浦田ら:肘関節外側側副靭帯の解剖について 整形外科と災害外科,45:(2)526-528,1996.
この文献では屍体3体5肘(左3、右2)を解剖し、LCLの付着部、走行および靭帯切離時の関節不安定性について観察されています。
LCLは外側上顆に付着していますが、その付着部では伸筋群の筋腱と一緒に付着しており分離させることは困難であった。
靭帯の走行を抹消へ辿ると前方は輪状靭帯へ付着し、後方は回外筋稜に付着するが、回外筋腱と一部癒合して付着する様子が観察された。
観察した5肘すべてに後方繊維を確認できたが、前方繊維ほど明確には確認できなかった。

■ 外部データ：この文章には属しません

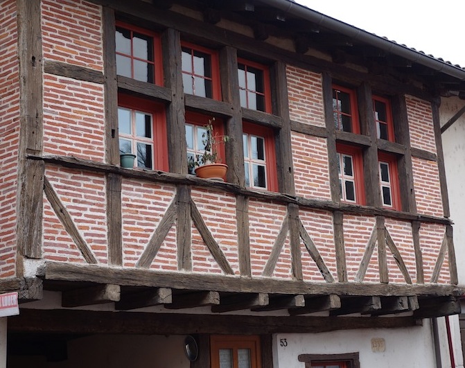 Timber framing in French is known as colombage. The structure usually has a brick or stone foundation at ground level onto which timbers are attached. Once the gaps between the timbers were filled the wall was then covered with lime for protection.

前方繊維まで靭帯を切離するとある程度の安定性が保たれていたが、後方繊維まで切離すると著明な不安定性が観察された。
以上がこの文献で報告されているものです。
この文献からLCLの付着部の形態、走行を確認できた。
靭帯は筋と違い、収縮はしないので付着部、走行からどの肢位で伸張されるのか考えることが重要かと思います。
関節の安定性について、前方繊維と後方繊維の両方を切離したことで不安定性が著明に出現したと報告されていますが、後方繊維のみの切離は報告されていません。このことについては今後勉強していきたいと思います。